Department of Ultrasound, Chinese Academy of Medical Sciences and Peking Union Medical College Hospital, Beijing 100730, China

Contributions: (I) Conception and design: Y Jiang; (II) Administrative support: J Li; (III) Provision of study materials or patients: Q Zhu, H Liu; (IV) Collection and assembly of data: M Xiao, C Zhao; (V) Data analysis and interpretation: J Zhang, J Li; (VI) Manuscript writing: All authors; (VII) Final approval of manuscript: All authors.

^#These authors contributed equally to this work.
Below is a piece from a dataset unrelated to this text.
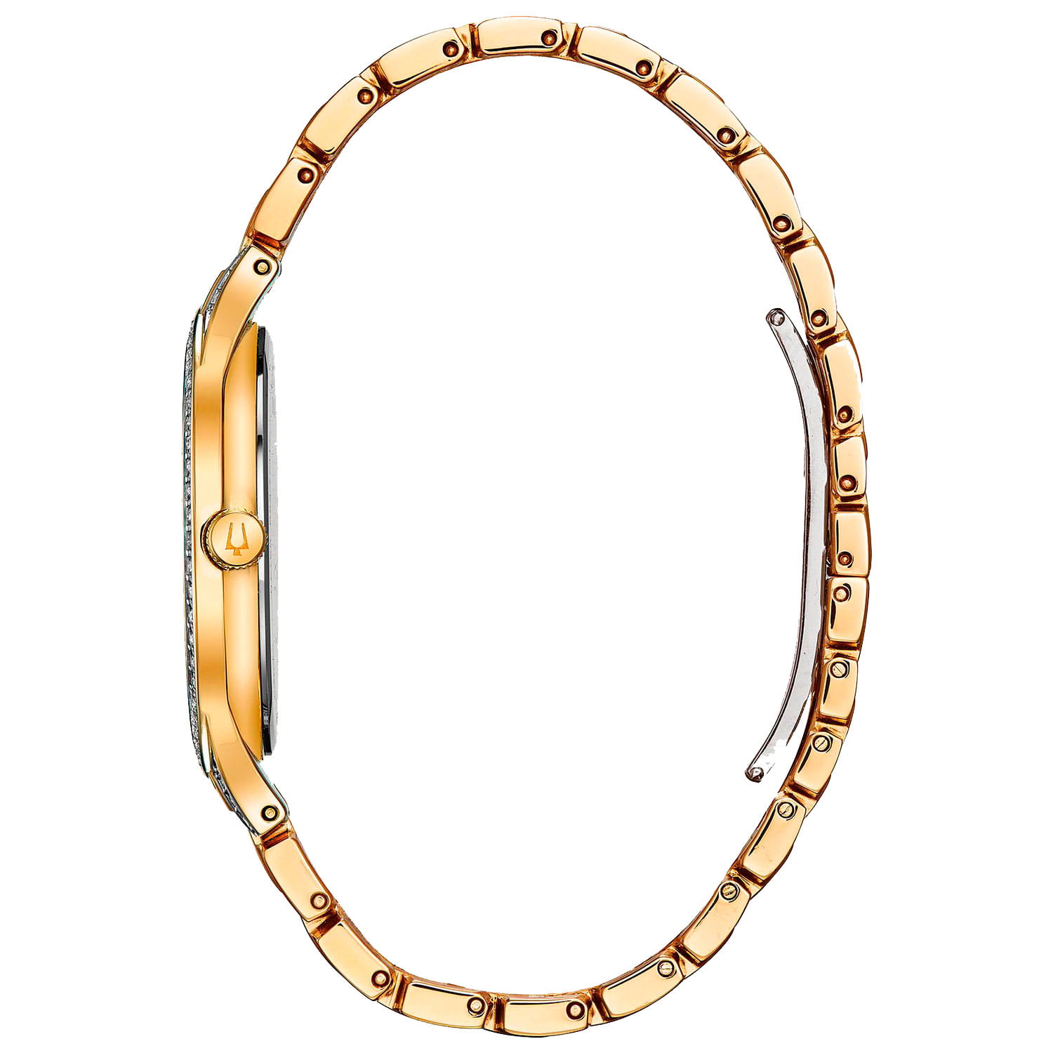 Мужские кварцевые часы Bulova Phantom 98A229 – отражающий идеальное сочетание современного дизайна, надёжности и функциональности. Элегантный облик станет превосходным завершением образа, наделив его индивидуальным характером. Корпус из нержавеющей стали с IP-покрытиемIP-покрытиеМетод ионного напыления. Демонстрирует повышенную устойчивость к истиранию, окислению и химическим веществам. Под воздействием высокого давления и температуры около 1500°C молекулы металла надёжно соединяются с частицами корпуса часов. золотистого цвета, диаметром 40 мм идеально сбалансирован и элегантен. Минеральное стеклоМинеральное стеклоМинеральное стекло представляет собой искусственно выращенный минерал кварца. Такое стекло отличается особой устойчивостью к повреждениям и царапинам. Уступает по некоторым качествам сапфировому стеклу. защищает циферблат от царапин и устойчиво к мелким механическим повреждениям. БезельБезельВнешний ободок, закрепляющий стекло. В спортивных часах так называется поворотное кольцо с делениями на циферблате, выполняет роль таймера – замеряет отрезки времени на шкале. Неподвижный безель – элемент декора. Однонаправленно вращающийся безель на дайверских часах позволяет фиксировать моменты погружения и выныривания на поверхность., браслет и циферблат полностью покрыты 636 кристаллами. Стальной браслет на застёжке-бабочке с кнопкамиЗастёжка "бабочка"Такой вид застёжки дополняется предохранителями, помогающими избежать случайного раскрытия браслета. Обладают изящным исполнением. обеспечивает комфортное ношение. Водозащита 30 метров позволит защитить корпус от случайных брызг или капель дождя. Эта модель – отличный выбор для тех, кто ищет сочетание стиля, качества и функциональности. Часы станут не только полезным аксессуаром, но и выразительным элементом вашего имиджа.

Correspondence to: Yuxin Jiang. Department of Ultrasound, Chinese Academy of Medical Sciences and Peking Union Medical College Hospital, Shuaifuyuan 1st, Dongcheng District, Beijing 100730, China. Email: jiangyuxinxh@163.com.

Background: Deep learning-based computer-aided diagnosis (CAD) is an important method in aiding diagnosis for radiologists. We investigated the accuracy of a deep learning-based CAD in classifying breast lesions with different histological types.

Methods: A total of 448 breast lesions were detected on ultrasound (US) and classified by an experienced radiologist, a resident and deep learning-based CAD respectively. The pathological results of the lesions were chosen as the golden standard. The diagnostic performances of the three raters in different pathological types were analyzed.

Results: For the overall diagnostic performance, deep learning-based CAD presented a significantly higher specificity (76.96%) compared with the two radiologists. The area under ROC of CAD was almost equal with the experienced radiologist (0.81 vs. 0.81), while significantly higher than the resident (0.81 vs. 0.70, P<0.0001). In the benign lesions, deep learning-based CAD had a higher accuracy than both the two radiologists, which correctly classified as benign lesions in 119/135 of fibroadenomas (88.1%), 25/35 of adenosis (71.4%), 14/27 of intraductal papillary tumors (51.9%), 5/10 of inflammation (50%), and 4/8 of sclerosing adenosis (50%). But only the differences between CAD and the two radiologists in fibroadenomas had statistical significance (P=0.0011 and P=0.0313), and the differences between CAD and the resident in adenosis had statistical significance (P=0.012). In the malignant lesions, 151/168 of invasive ductal carcinomas (89.9%), 21/29 of ductal carcinoma in situ (DCIS) (72.4%) and 6/7 of invasive lobular carcinomas (85.7%) were diagnosed as malignancies by deep learning-based CAD, with no significant differences between CAD and the two radiologists.

Conclusions: In the diagnosis of these common types of breast lesions, deep learning-based CAD had a satisfying performance. Deep learning-based CAD had a better performance in the breast benign lesions, especially in fibroadenomas and adenosis. Therefore, deep learning-based CAD is a promising supplemental tool to US to increase the specificity and avoid unnecessary benign biopsies.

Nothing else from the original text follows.